#### REQUIRED WORK
Please give the lines below again exactly as they stand, from the one that contains "أزرق - من U.S." up to and including the one that contains "唐天昕同学汇报了搭白蛋白便车", leaving all pictures out.

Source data

--- START ---

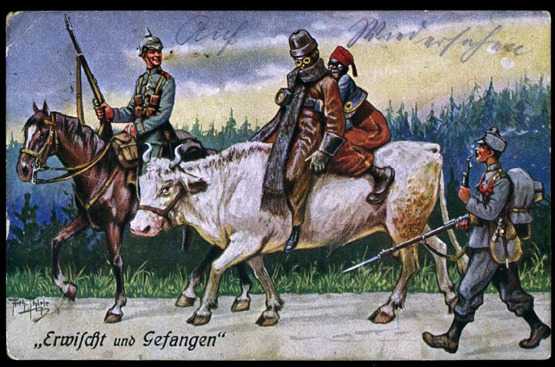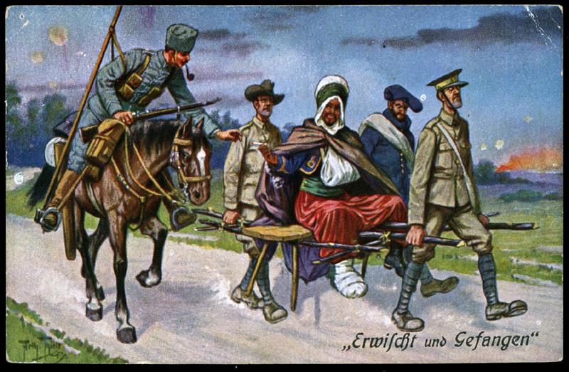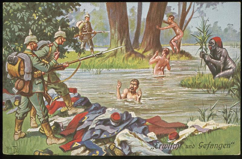 03 Французов берут в плен германцы. Прячется за веточками негр в головном уборе сенегальского стрелка ( Tirailleurs sénégalais )
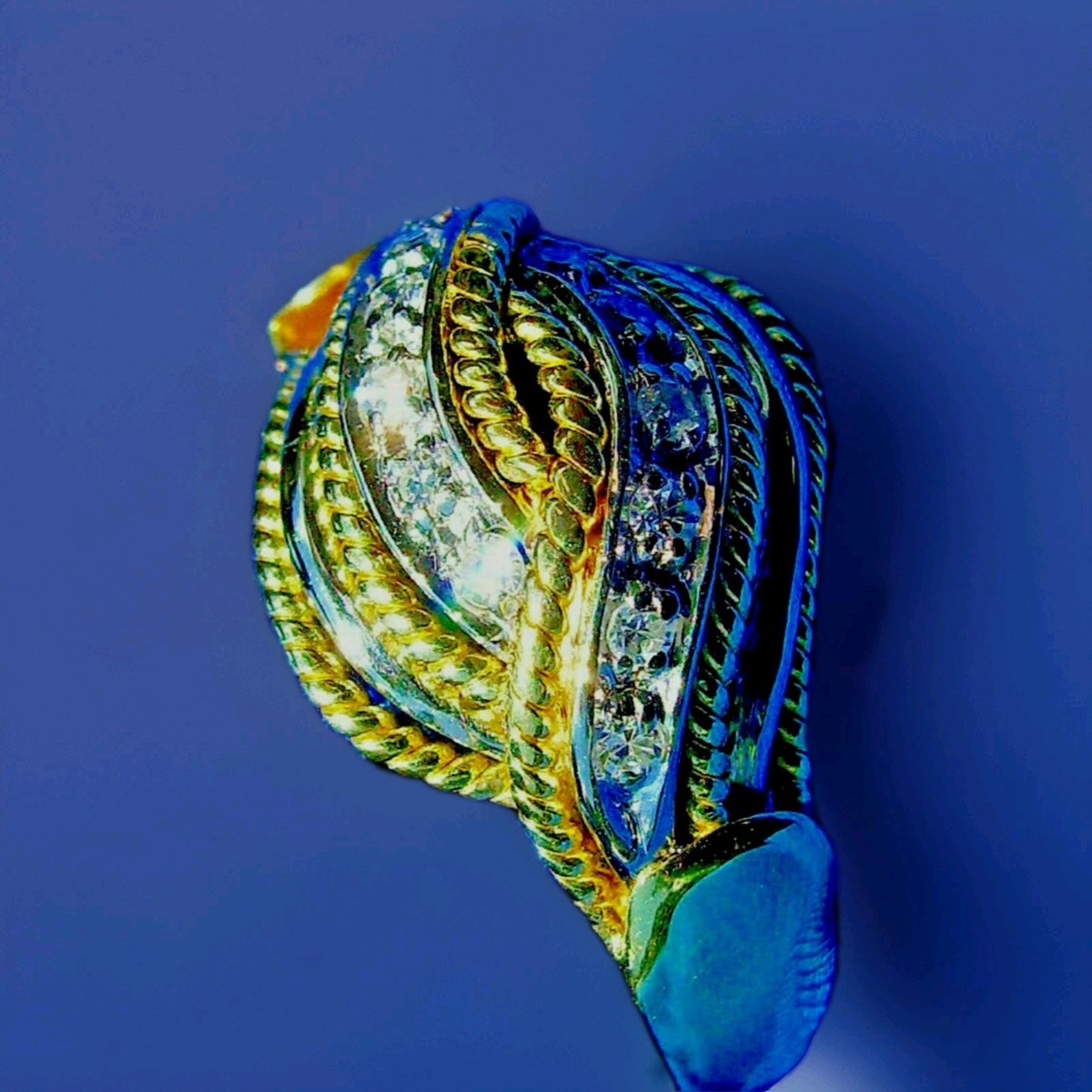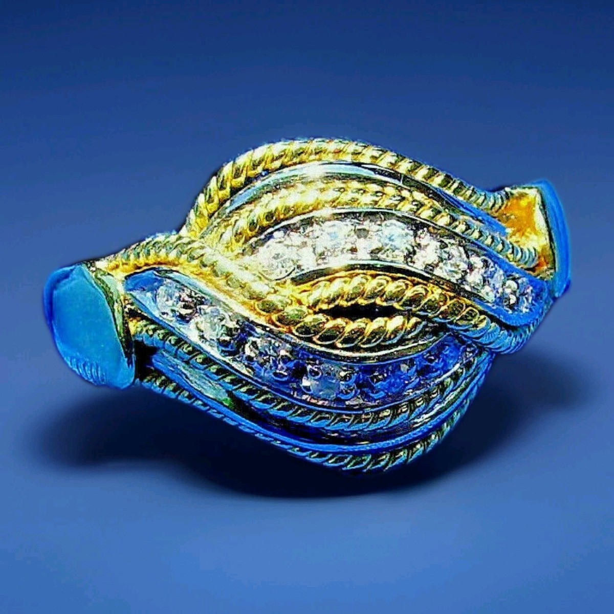 Vintage Original Damiani Diamond Ring Deco Style Solid 18k Gold Rare Statement
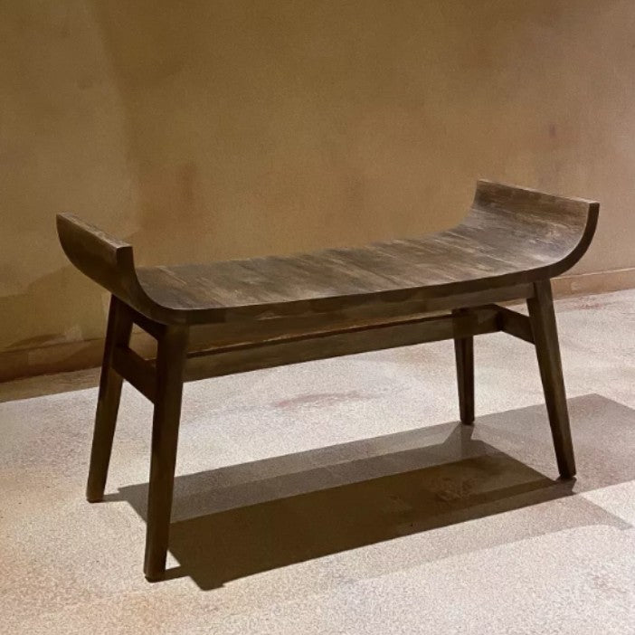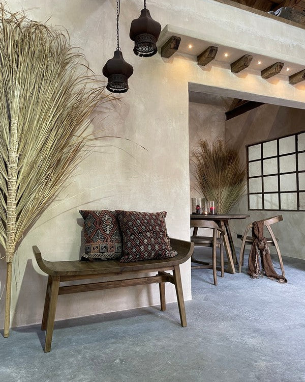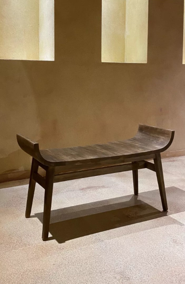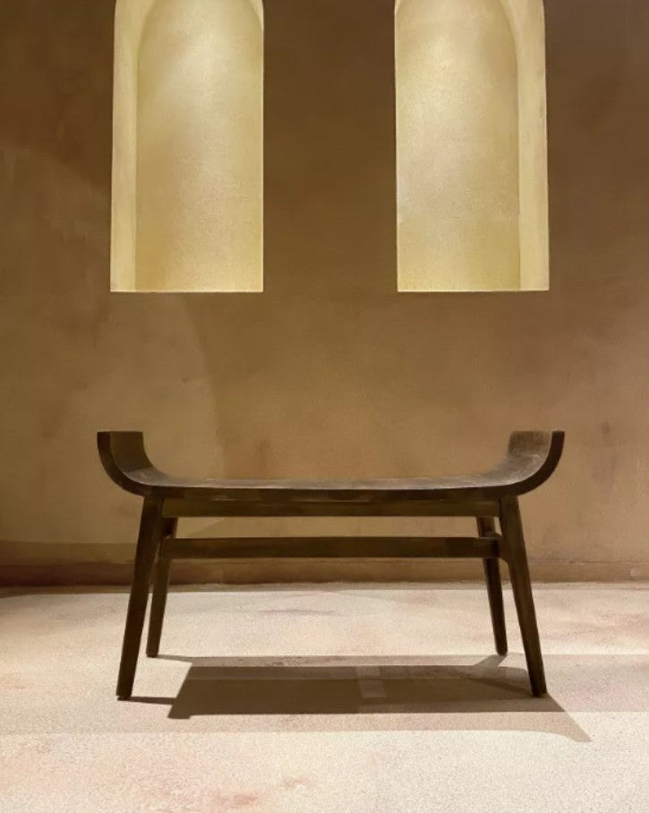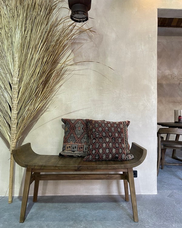 Bank Fez van Hoffz. Bank Fez is een knipoog naar kruk Fez: een vergelijkbaar ontwerp, maar met een speelse twist door de gebogen zijkanten. Hij staat mooi in een hal, bij het uiteinde van een bed of aan een eetkamertafel, zoals de Yaro ovaal.
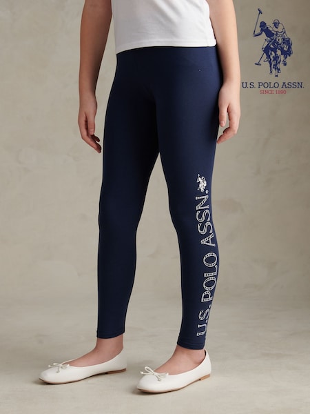 أزرق - من U.S. Polo Assn. طقم هودي وبنطلون رياضي للبنات بملمس ناعم من الداخل
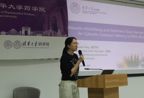 唐天昕同学汇报了搭白蛋白便车以及白喉毒素衍生的融合蛋白用于KRAS突变胰腺癌的胞质药物递送研究,该研究发现,该融合蛋白可利用白蛋白的肿瘤靶向作用、白喉毒素的内含体逃逸功能和毒性,实现KRAS选择性的细胞杀伤作用。
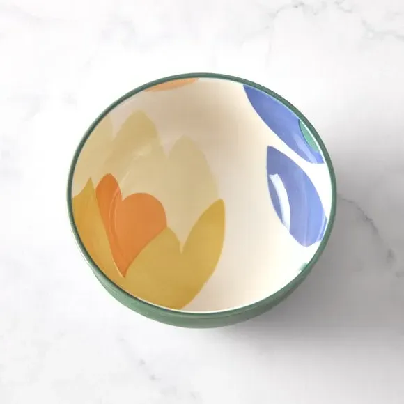 * Vibrant floral print on stoneware* Hand-painted green rim and exterior* Perfect for serving dips in style* Complements mix and match table settings* Coordinating items available for a cohesive collection Serve dips in style with the Elements Fieldsley Floral Glazed Stoneware Dip Bowl. This bowl features a vibrant floral print on stoneware, accented by a hand-painted green rim and exterior. Perfect for mix and match table settings, coordinating items are available to complement your collection.
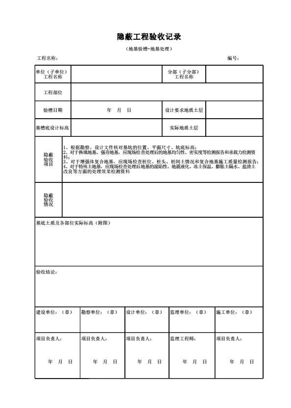 表格名称:隐蔽工程验收记录(地基验槽-地基处理)
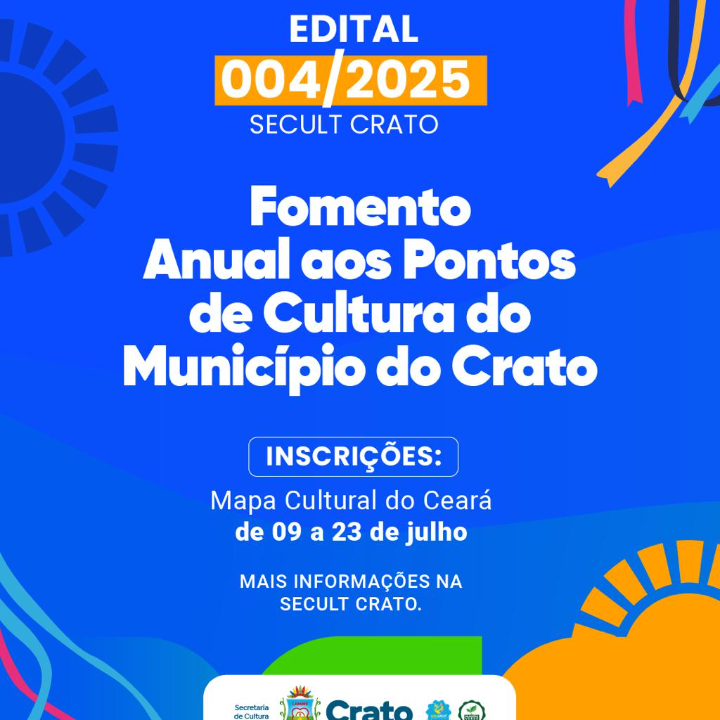 EDITAL DE SELEÇÃO PÚBLICA 004/2025- SECULT FOMENTO ANUAL AOS PONTOS DE CULTURA DO MUNICÍPIO DO CRATO

--- END ---

#### WRITTEN RESPONSE
 أزرق - من U.S. Polo Assn. طقم هودي وبنطلون رياضي للبنات بملمس ناعم من الداخل
 唐天昕同学汇报了搭白蛋白便车以及白喉毒素衍生的融合蛋白用于KRAS突变胰腺癌的胞质药物递送研究,该研究发现,该融合蛋白可利用白蛋白的肿瘤靶向作用、白喉毒素的内含体逃逸功能和毒性,实现KRAS选择性的细胞杀伤作用。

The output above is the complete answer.